MS Model tells us what the variance *would be* if every student were assumed to have the thumb length predicted by the **Height2Group** model; MS Error tells us what the leftover variance would be after subtracting out the model. The F ratio is calculated as the MS Model divided by the MS Error:

\[F = \frac{MS_{Model}}{MS_{Error}} = \frac{SS_{Model}/df_{Model}}{SS_{Error}/df_{Error}}\]

This ratio turns out to be a very useful statistic. If there were no effect of **Height2Group** on thumb length we would expect the variance estimated using the group means to be approximately the same as the variance within the groups, resulting in an F ratio of approximately 1. But if the variation across groups is more than the variation within groups, the F ratio would rise above 1. A larger F ratio means a stronger effect of our model.

Just like variance provided us with a way to account for sample size when using SS to measure error from our model, the F ratio provides a way to take degrees of freedom into account when judging the fit of a model. The F ratio gives us a sense of whether the degrees of freedom that we spent in order to make our model more complicated were “worth it”.

### Another Way of Thinking About the F Ratio

There is another way of thinking about F that makes clearer the relationship between F and PRE. It is represented by this alternative formula for F:

\[F = \frac{PRE/df_{model}}{(1-PRE)/df_{error}}\]

This formula produces the same result as the formula for F presented in the previous section, but makes it easier to think about the relation between PRE and F.

The numerator of this formula gives us an indicator of how much PRE we have achieved in our model *per degree of freedom* spent (i.e., number of parameters estimated beyond the empty model). In the case of our two-group **Height2Group** model, if would simply be PRE divided by 1 because we used only one additional degree of freedom.

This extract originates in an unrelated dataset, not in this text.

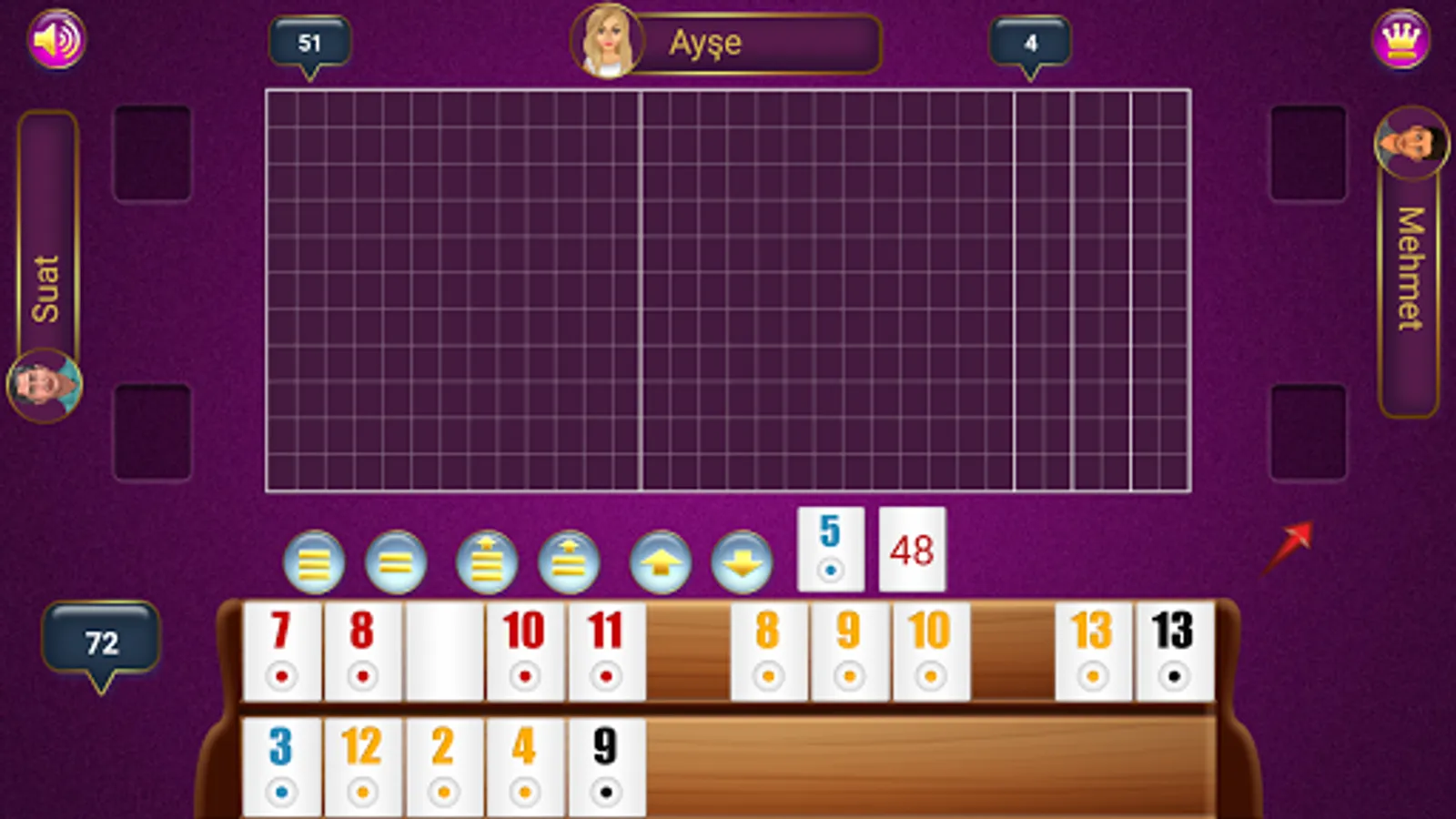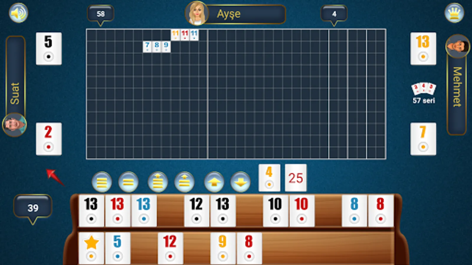 If the sum of the digits of the pairs on your cue is more than or equal to 51, you can place these pairs on the ground. It should be your turn and you should have pulled a stone from the ground or from the side. In this way, after you hit the ground for the first time, you will be shown as a series opened in the game. If you have already spawned, you can spawn any fairy you create in your cue without any conditions. Of course, first of all, it should be your turn and you should have pulled a stone from the ground or from the side. If no one has opened the ground before, the sum of the digit values of the pairs must be 51 and above. If there is someone who opened a series before, the sum of the digit values of the pairs in your cue must be one more than the value opened by that person. For example, the first person to open it with 54. In this case, it can be opened with at least 55. The second opener opened 57. The next person to open can open with at least 58. There must be at least 1 more than the last opened.
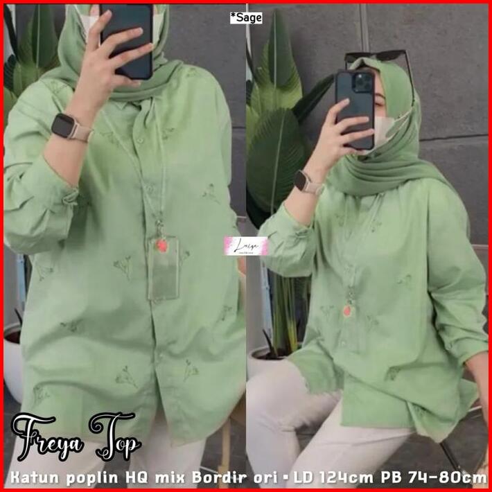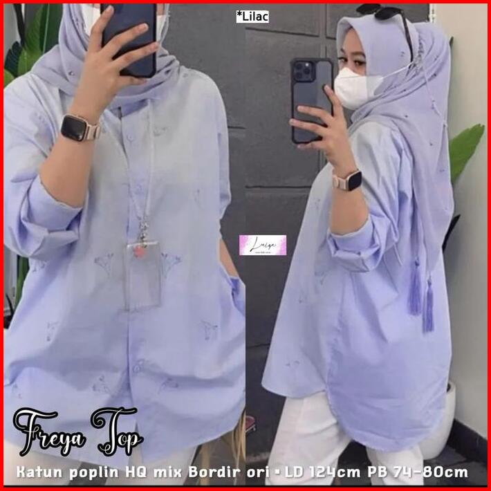 Kemeja Jumbo Wanita Bahan Katun Poplin Kekinian Terbaru Jumbo Nyaman Preya Top Motif Atasan Panjang Baju Oversize Casual

The denominator tell us how much error could be reduced (\(1-PRE\)) *per degree of freedom* if we were to put all still-unused degrees of freedom (\(df_{error}\)) into the model. In other words, it tells us what the PRE would be, on average, if we just randomly picked a parameter to estimate instead of the one that we picked for our model.

The F ratio, thought of this way, compares the amount of PRE achieved by the particular parameters we included in our model (per parameter) to the average amount of remaining PRE that could have been achieved by adding all the possible remaining parameters into the model.

Or put another way, the F ratio answers this question: How many times bigger is the PRE obtained by our best fitting model (per degree of freedom spent) compared to the average PRE that could have been obtained (again, per degree of freedom) by spending all of the possible remaining degrees of freedom?